Research on the Risks of Financial Informatization Construction in Colleges and Universities, Its Prevention and Control and Path Optimization
Published Online: Sep 26, 2025
Received: Jan 09, 2025
Accepted: Apr 29, 2025
DOI: https://doi.org/10.2478/amns-2025-1039
Keywords
© 2025 Xin Lv, published by Sciendo.
This work is licensed under the Creative Commons Attribution 4.0 International License.

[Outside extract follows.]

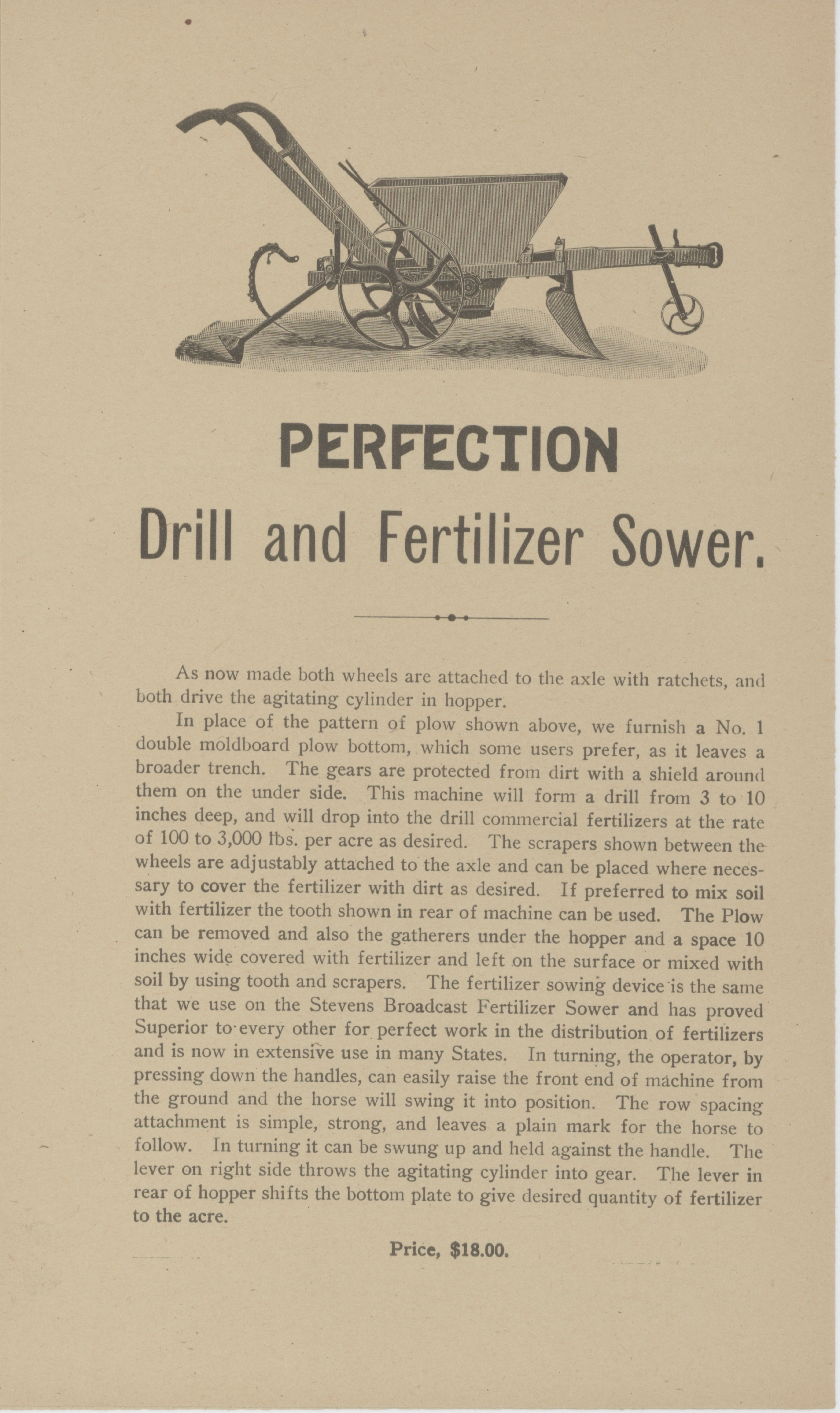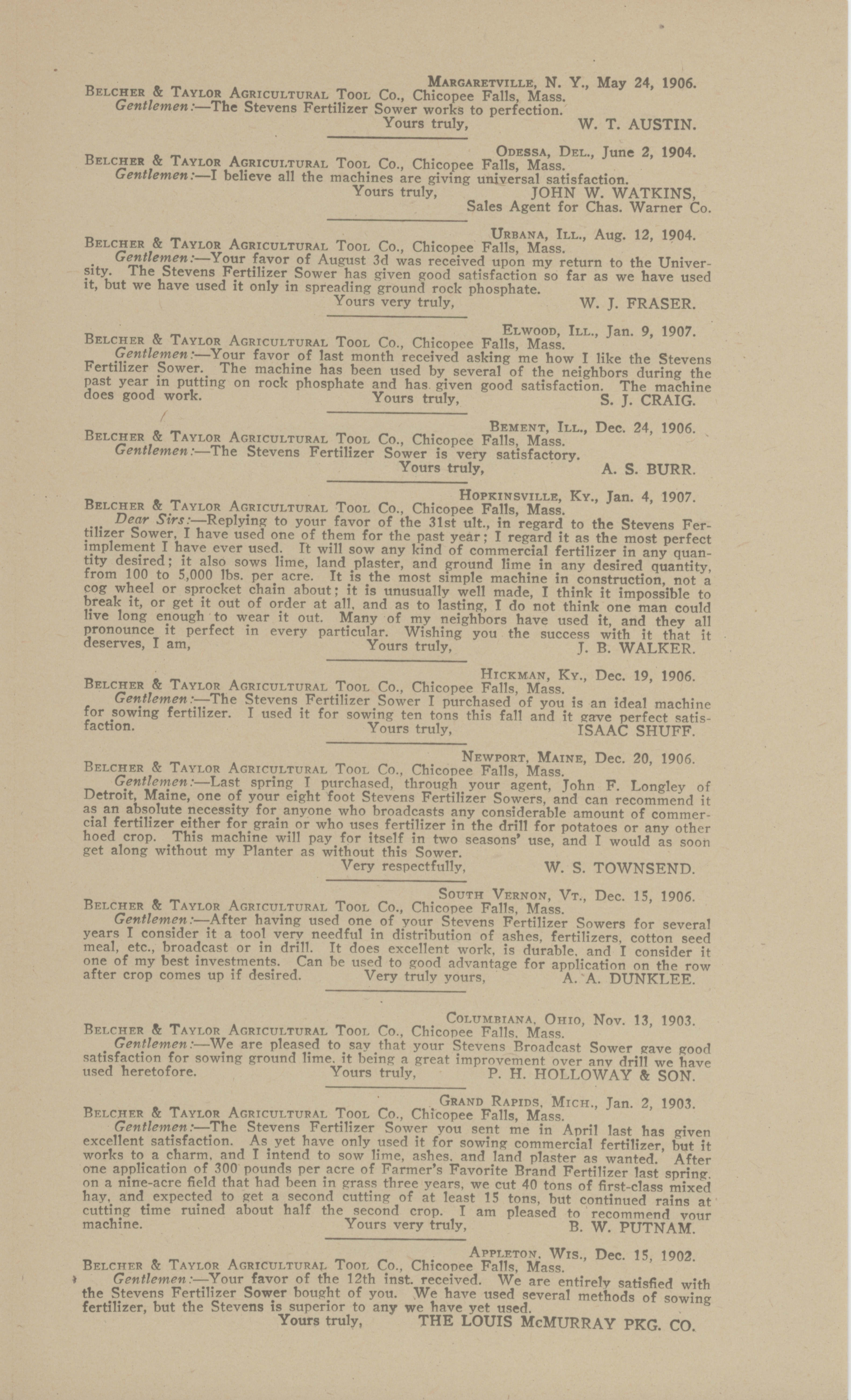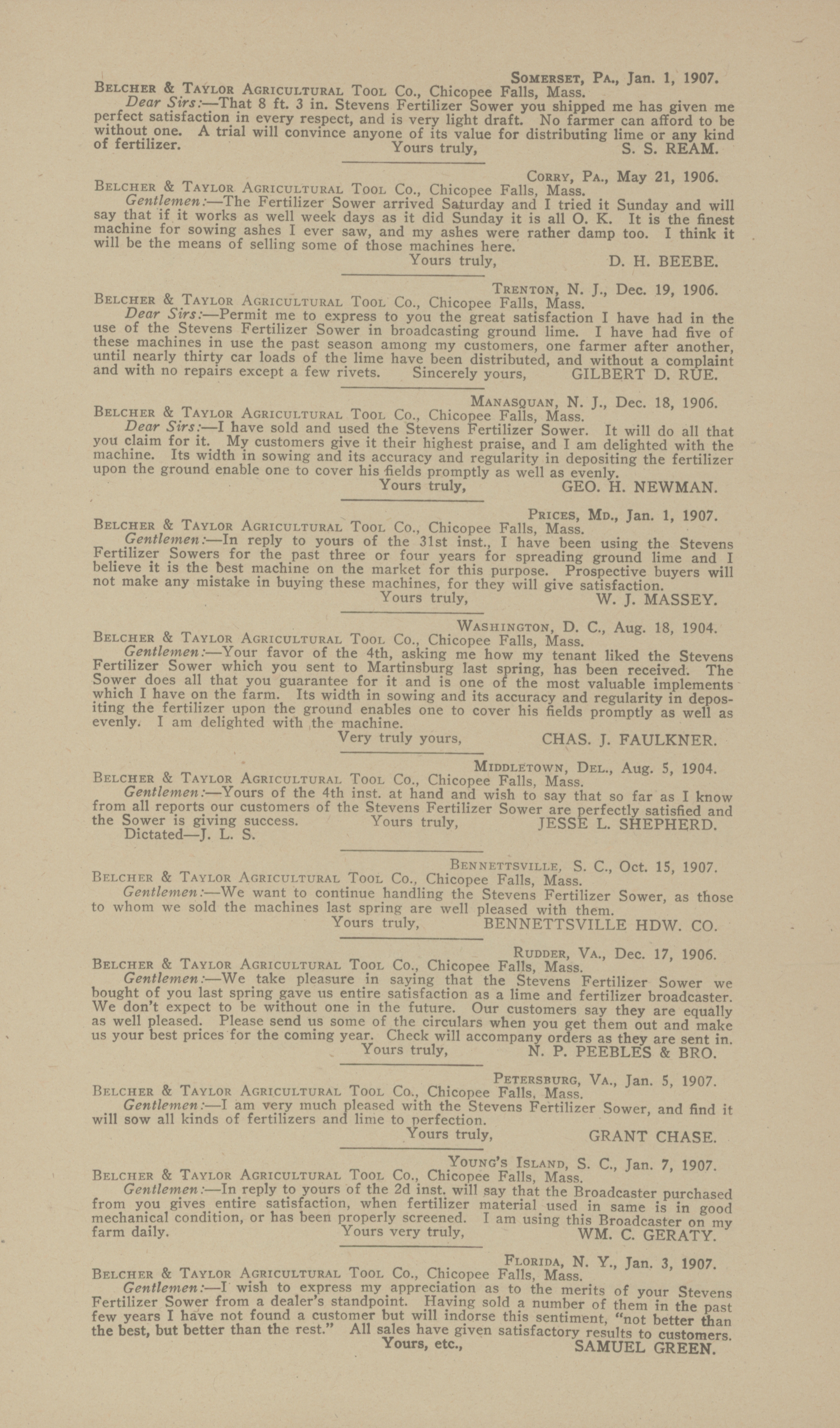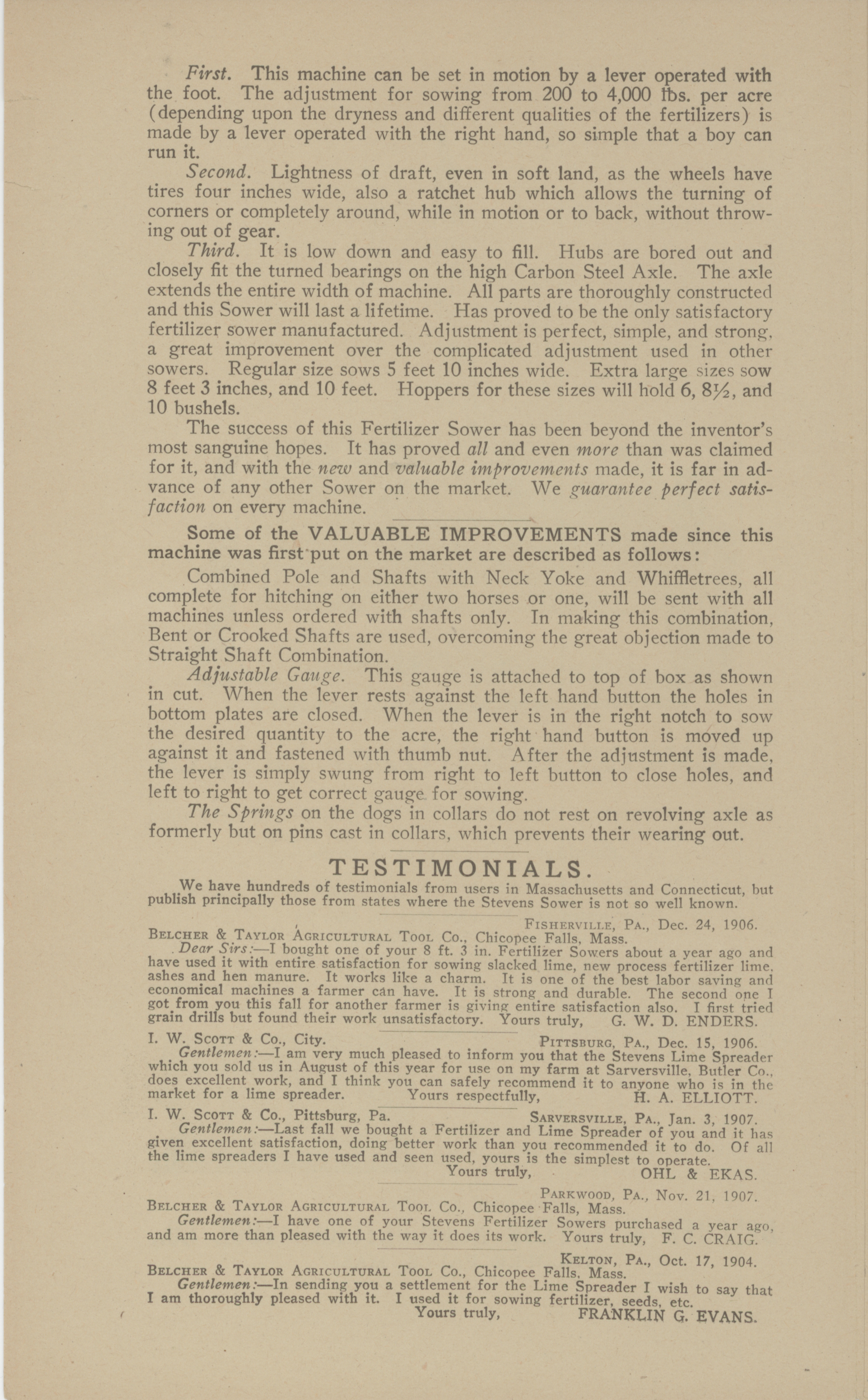 - Illustrated catalog describing fertilizer sower products offered by Belcher and Taylor Agricultural Tool Company in 1907.

With the rapid growth of the demand for college and university funding, the financial management of colleges and universities from the traditional meaning of the risk-free state to the risky mode of change, for the college and university financial risk of accurate and reasonable prevention and control has become an important issue that needs to be resolved at this stage. This paper selects a university finance as the research object, designs 12 financial indicators as sample data, processes the financial risk indicator system through principal component analysis, and obtains 8 principal factor components as the input data of the risk prediction model. Then the particle swarm algorithm is combined with BP neural network to overcome the defects of BP neural network as a way to strengthen its prediction accuracy of financial risk. Through simulation experiments, comparative analysis of prediction rates of different models, it is found that the PSO-BP prediction model achieves an identification accuracy of 91.7% for 60 test samples, which improves the identification correctness by 23.7% and 8.4% compared with the traditional BP model and GA-BP model, respectively. It confirms that the PSO-BP neural network model has a higher prediction rate and is effective in introducing university finance for risk prediction. Finally, the article proposes an optimization strategy for the path of university finance information technology construction, in order to improve the effectiveness of university finance information technology construction.